Quant à la forme, la différence entre les deux clauses est évidente : de plus d’une dizaine de lignes alambiquées, on passe à deux beaucoup plus claires. Quant au fond, les deux clauses sont parfaitement similaires. Pourquoi, dans ces conditions, se priver de la simplicité ?

103. Finalement, ce n’est pas une vraie remise en cause du dispositif de protection que nous envisageons ici, mais simplement un aménagement : « Il existe sûrement un juste milieu entre le trop succinct et l’exhaustif »226. C’est donc une méthode assez douce que nous préconisons. Faut-il, pour parvenir à sa mise en œuvre, passer par une réécriture de l’article L. 131-3 ? Nous ne le croyons pas. Le travail d’interprétation du juge doit suffire : interprétation du contrat, notamment avec l’article 1164 du Code civil, pour savoir ce qu’il est censé inclure ; interprétation de l’article L. 131-3 de manière beaucoup plus souple qu’aujourd’hui, parce que le texte, s’il impose une certaine précision, n’impose pas la rédaction de clauses parfaitement exhaustives, pas plus qu’il n’interdit le recours à l’adverbe.

Ainsi, nous avons pu remettre en cause l’utilité des mentions, qui peuvent facilement être contournées. Ce constat négatif n’apparaît pas isolé, puisque qu’à l’inutilité du formalisme s’ajoute son inefficacité.

§2 – La question de l’efficacité : des mentions incompréhensibles

104. En plus d’être inutiles, les mentions sont aussi inefficaces parce qu’elles ne permettent pas de remplir l’objectif qui leur été assigné : celui de l’information de la partie faible. Constatons cette inefficacité (A), avant de proposer une solution alternative (B).

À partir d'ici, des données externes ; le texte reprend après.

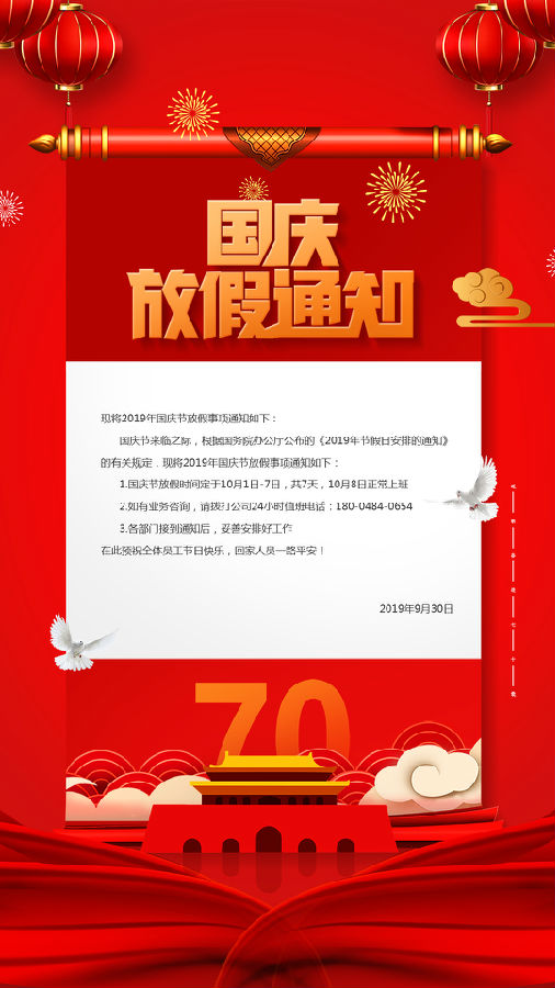 國慶節(jié)將至,根據(jù)2019年國慶放假時(shí)間安排,并結(jié)合我公司具體情況決定,現(xiàn)將2019年國慶節(jié)放假事項(xiàng)通知如下: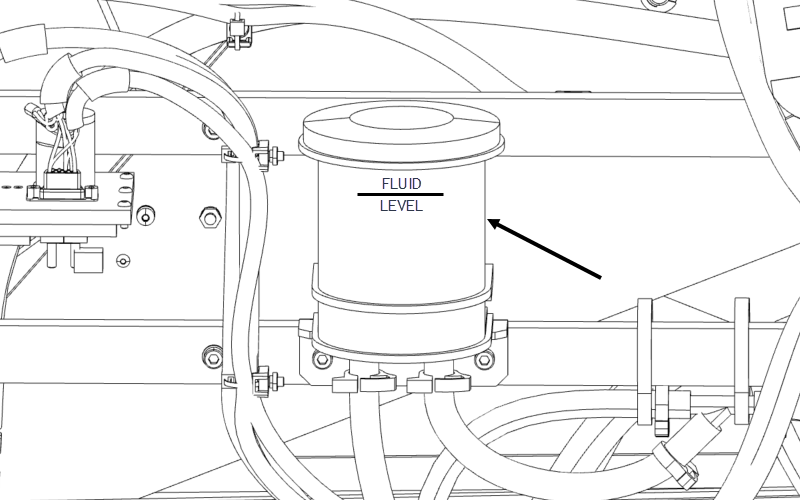 - If necessary, add hydraulic oil to the reservoir so it is 0.25 to 0.50 inches (6.5 to 12.5 mm) above the fluid level line (shown below) when the table is at its lowest position.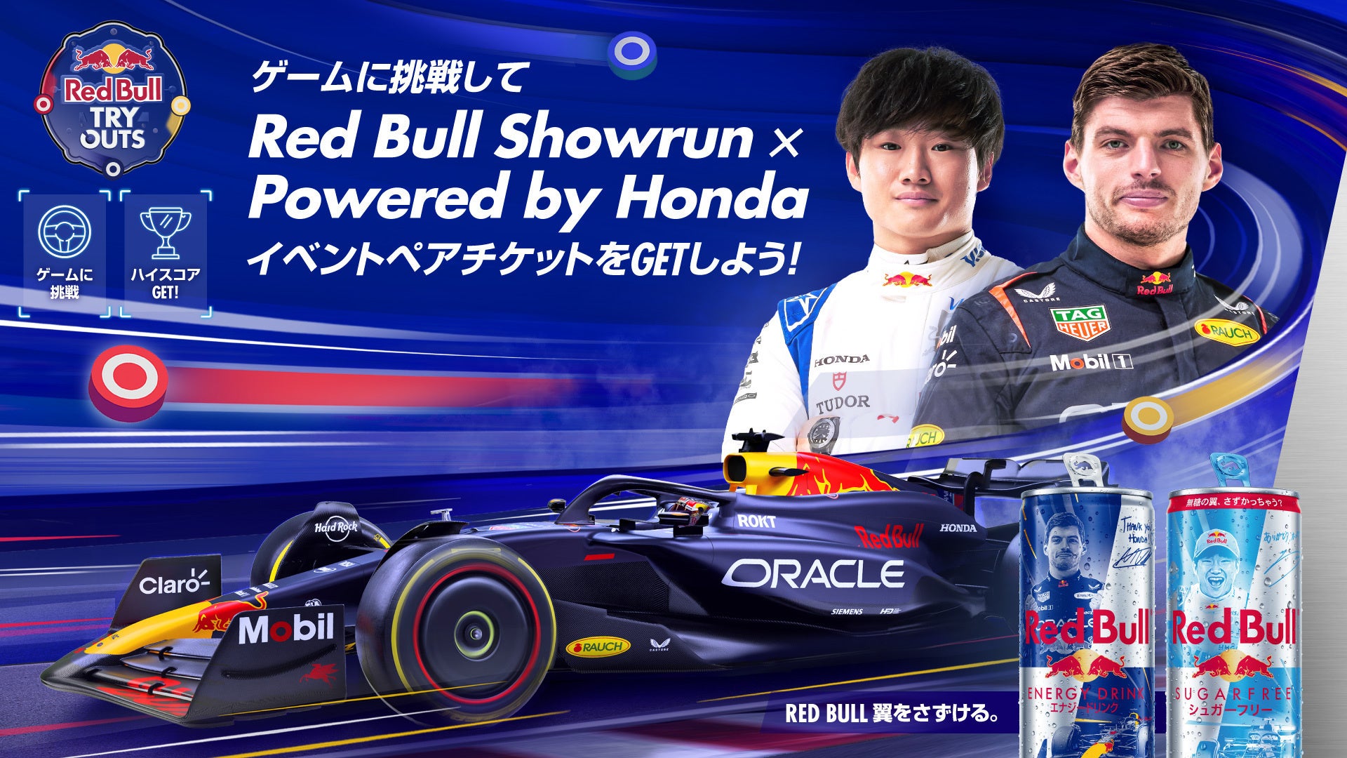 キャンペーン期間中、RedBull.com内のオンラインゲーム「Red Bull TRYOUTS」をプレイいただいた方の中から抽選で25名様にRed Bull Showrun x Powered by Hondaイベントペアチケット、レッドブル商品、イベントオリジナルTシャツのセットをプレゼントします。4月2日(水)にTOKYO BAY(お台場・青海)で開催されるF1デモランイベントを家族や友人と楽しめるチャンス!キャンペーン期間は3月7日(金)12:00 ~ 3月10日(月)23:59です。レッドブルを飲んでドライバーに必要なスキル「記憶力・反射神経・集中力」が問われるゲームにトライして一生に一度の特別体験を掴み取れ!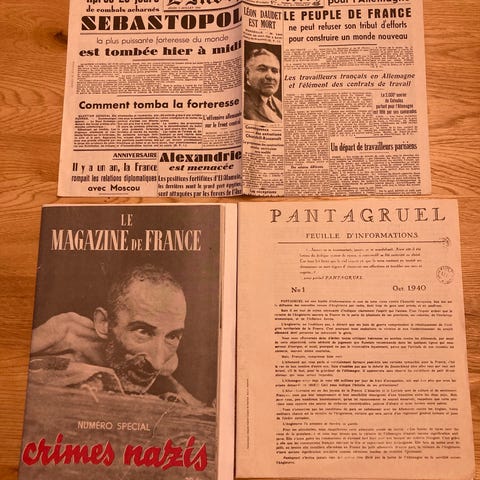 Samling av gamle aviser fra Tønsbergs Blad og magasiner fra Alle Kvinners Blad. Avisene er i papirformat og viser historiske nyheter og artikler. Materialet kan være av interesse for samlere eller de som ønsker å studere historiske medier.

A/ Le constat de l’inefficacité

105. Les mentions nécessaires à la validité d’un contrat, que ce soit en droit d’auteur ou dans d’autres matières (droit de la consommation ou cautionnement par

exemple), doivent être particulièrement précises. Parfois, les parties doivent indiquer certains éléments en suivant la philosophie de la loi : c’est le cas en droit d’auteur ; les contractants disposent alors d’une marge de manœuvre relative dans le choix des formules et des termes employés. D’autres fois, au contraire, les parties ne disposent d’aucun degré de liberté et doivent reproduire à la lettre les mentions indiquées par la loi : c’est le cas en matière de cautionnement. Pour comprendre l’ampleur du phénomène d’illisibilité du formalisme de la mention, il conviendra ainsi de dépasser les frontières du droit d’auteur. En effet, des enseignements très instructifs peuvent être tirés de l’étude d’autres matières.

Quel que soit le procédé imposé, la partie faible, que la mention est censée informer, s’y perd très souvent et ne comprend pas nécessairement mieux la portée de son engagement. Ce phénomène s’explique par plusieurs facteurs qui découlent les uns des autres. D’abord, parce que son contenu est imposé, le contrat est pré-rédigé, ce qui provoque un glissement vers les contrats d’adhésion (1). De ce fait, les termes choisis pour satisfaire l’exigence de mention sont souvent complexes (2). Conséquence logique, la partie à protéger est amenée à faire le tri et ne retient pas tout ce que le contrat stipule (3).